When he pulled back I realized how much I missed him and I also realized how much it would hurt our little family if we didn't work out.

"David I'm scared," I whole heartedly admitted. I started to tear up. "I want you so bad. But what if we don't work out. I mean I'm going back to LA at the end of the summer."

"But what if we do work out Ma. If anything I can move out to LA witchu. I wanna be in your life and Delilah's."

I smiled at him. All these years I just wanted him in our lives and now he was volunteering.

He would really move across the country for us.

"Now get dressed we're going shopping," He smiled at me.

I grabbed the clothes off my dresser and went into the bathroom to get ready.
















*an hour later*

We walked around the mall holding hands and just laughing about pointless stuff.

He was making it a point to buy Delilah some sneakers and all types of clothes and toys.

"David where is all this shit gonna go?" I laughed at all the bags we were carrying.

"To LA in our house," He kissed my hand and laughed.

I just rolled my eyes as we continued walking around the mall.

We left about 3 hours later and on our way home he made me listen to some of his songs and they were all really good.

"So mama," He looked at me, the glow of the city lights highlighted all of his features so so perfectly. "whatchu say about giving us a chance."

I looked at him and in that moment I saw my 16 year old self crying on the plane to San Fransico. All I wanted in that moment was him and now that I finally had him, I knew I couldn't let him go.

I grabbed his face and planted my lips on his.

He grabbed my waist and pulled me over the console deepening the kiss. I felt so alive in this moment.

I hadn't felt this way in so so long.

The way his hands touched my body, the way he moved his lips with mines.

Everything was amazing and when we pulled away he was smiling at me.

His smile always lit up a room.

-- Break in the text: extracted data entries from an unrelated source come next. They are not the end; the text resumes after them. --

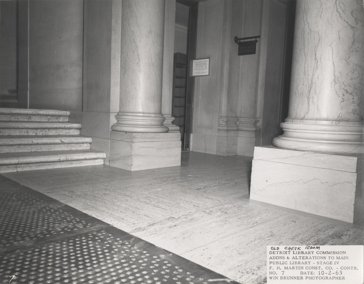 View of entrance to checkroom, Main Library, Detroit Public Library. Columns in front; signs on wall: "Check room, telephone" and "Free checking service." Printed on front: "Old check room. Detroit Library Commission. Addns & alterations to Main Public Library, Stage IV. F.H. Martin Const. Co., contr. No. 7. Date: 10-2-63. Win Brunner, photographer."
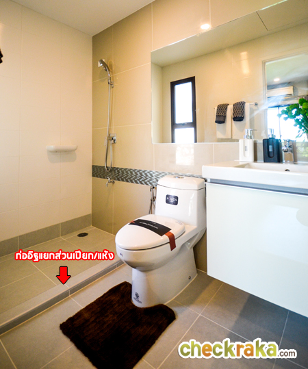 ฟังก์ชั่นของห้องน้ำห้องนี้ มีสามฟังก์ชั่นปกติ มีระยะการใช้งานตามมาตรฐานคือ วางเรียงไปเลย มีอ่างล้างหน้า กระจก
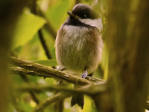 Anna’s on nest, Warbling Vireo singing from same area as last week at Rowing Club, presumably on same nest, Black-capped Chickadee entering nest hole
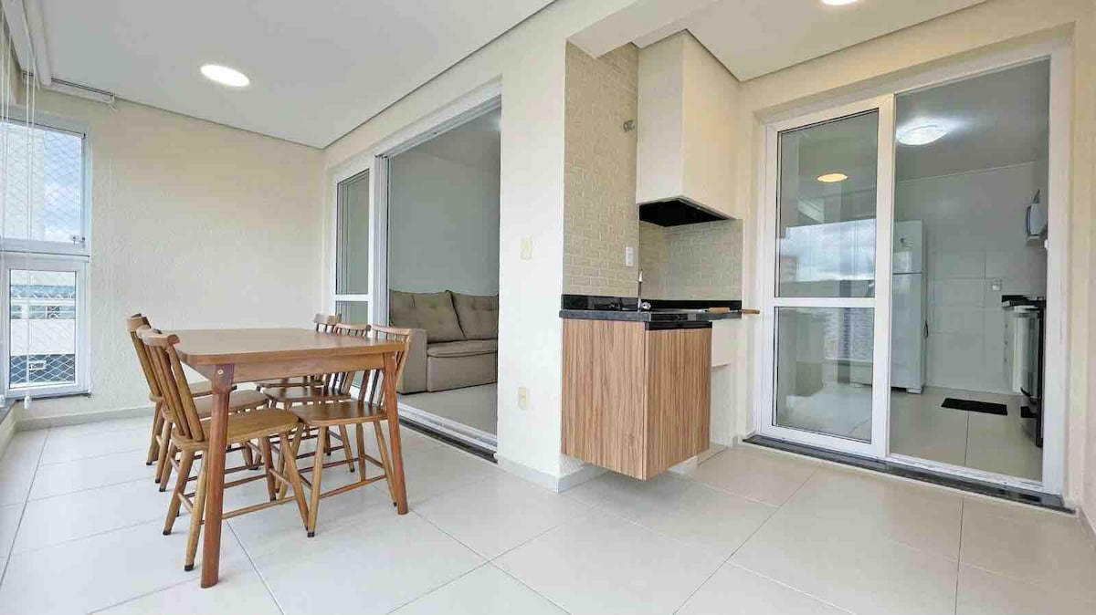Guarujá Pitangueiras, luft, balkong og grillplass.
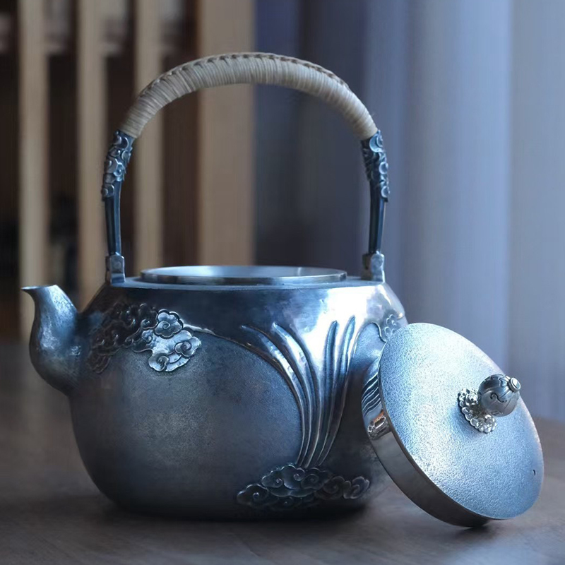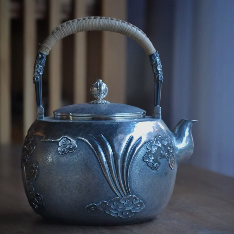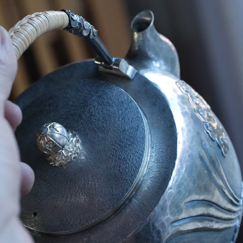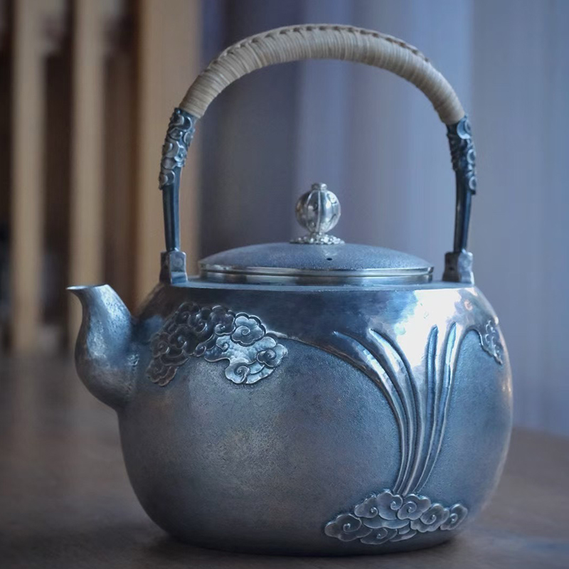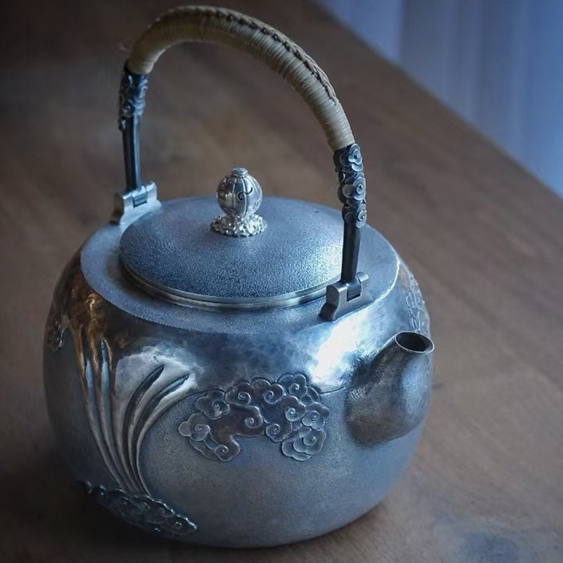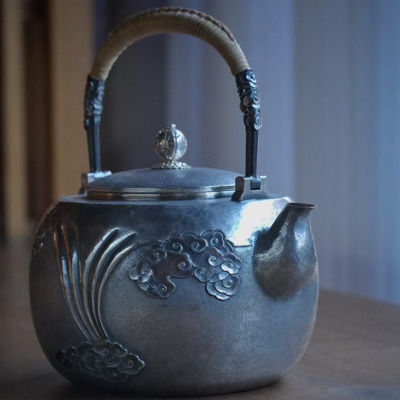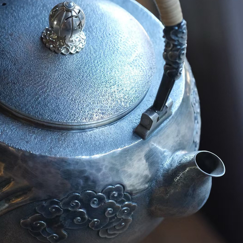 《祥云》高工银壶,纯手工锻打口打出,塹刻工艺。1400ml,655克
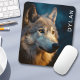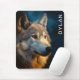Cooles Mauspad mit einem nahen Wolf bei Sonnenaufgang, Nachthimmel im Hintergrund. Dies kann mit einem Namen/benutzerdefiniertem Text auf der rechten Seite angepasst werden.
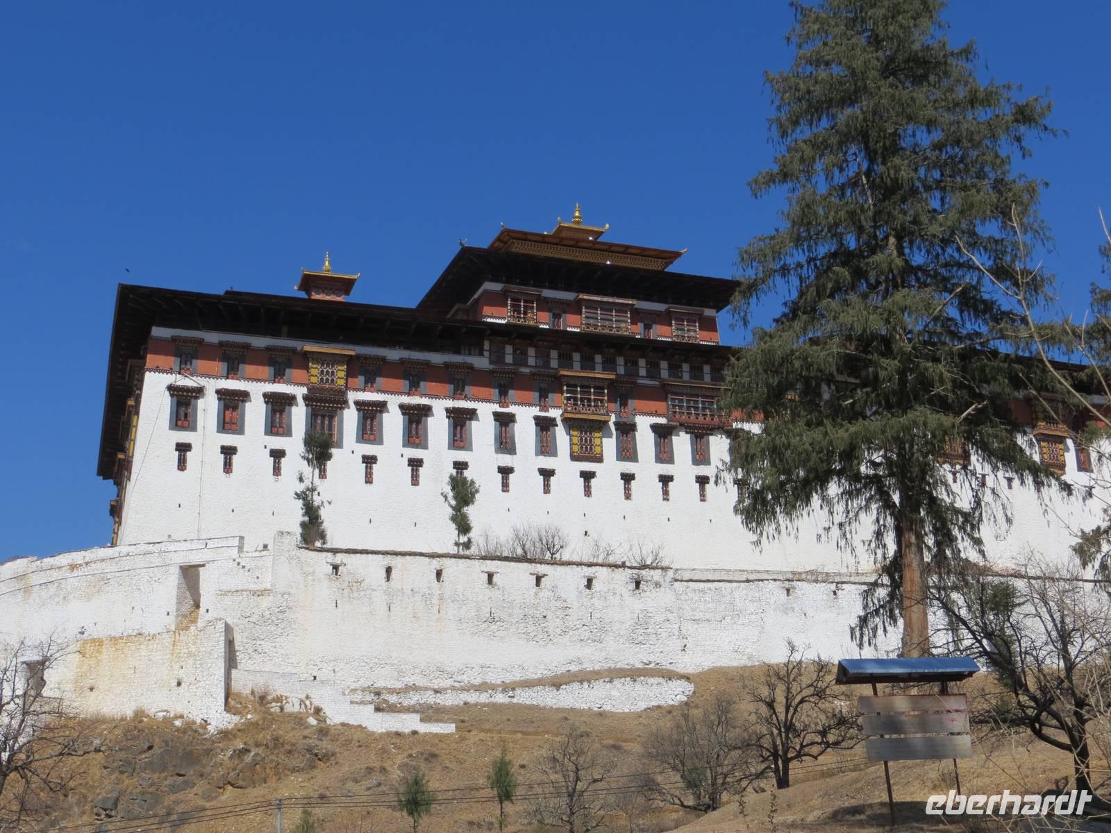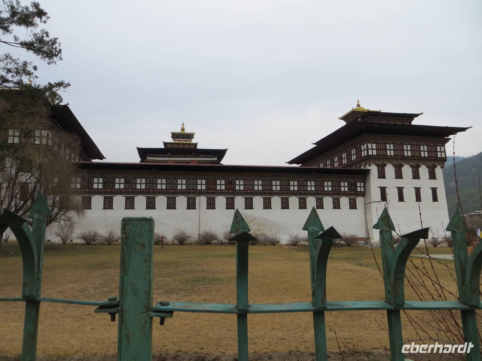 Pünktlich zum Büroschluss im Regierungspalast standen wir zum nun möglichen Einlass in den Thimphu-Dzong bereit. Der König selbst wohnt in einem eher unscheinbaren Haus in Palastnähe. Die alte Burganlage (Dzong), mit ersten Gebäuden aus dem 17. Jahrhundert, dient heute sowohl als Sommersitz für die religiöse Obrigkeit des Landes als auch als Arbeitsgebäude der Regierung und des Königs. Morgen geht es nach Punakha, dem Wintersitz des geistlichen Oberhaupts der hiesigen Rotmützen und in die einstige Hauptstadt.
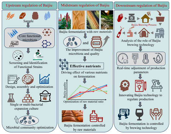 Although bio-enhanced fermentation strategies can promote fermentation and regulate the microbiota of Baijiu, the transformation from traditional Baijiu brewing to controllable, mechanized, and efficient modern Baijiu brewing has not yet been achieved. Raw materials and brewing technology are important components in shaping the microbiota of Baijiu brewing. Raw materials and brewing technology can regulate the growth and metabolic activities of microorganisms by controlling the nutrient diversity and environmental, physical, and chemical factors of the brewing microbiota. Therefore, a biofortification strategy was employed upstream of brewing to enhance the fermentation process. The midstream brewing process optimizes the ratios of raw materials to regulate the growth and metabolism of the brewing microbiota. In the downstream brewing process, control is utilized to promote co-survival and co-fermentation among brewing microorganisms (Figure 2). Multiple control instruments are combined to achieve better control effects and promote the controlled evolution of Baijiu brewing.
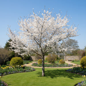 Cet arbre est apprécié pour sa forme élégante et compacte, idéale pour les jardins et les allées. Il offre une floraison abondante en grappes blanches qui attire pollinisateurs et oiseaux, ajoutant un intérêt décoratif au printemps.

He was the prettiest thing I'd ever seen.

"But if this is gonna work we need ground rules," I wanted it to be perfect. I couldn't let this effect Delilah in anyway shape or form.

"I'm down for anything, as long as I get to have my girls in my life."

We sat in his car for and hour and a half. Most of the time I was going on and on and on about different rules but David listened with a smile on his face.

I rambled on and on about what seemed like nothing. But when I would start to get quiet he'd edge me on, making me talk more.

Eventually I was finished and instead of rolling his eyes at my lecture, with a smile on his face he grabbed my hand and kissed it.

I couldn't help but think that all these years, all those miles apart. There was something tying us together.

We both knew our story was far from over.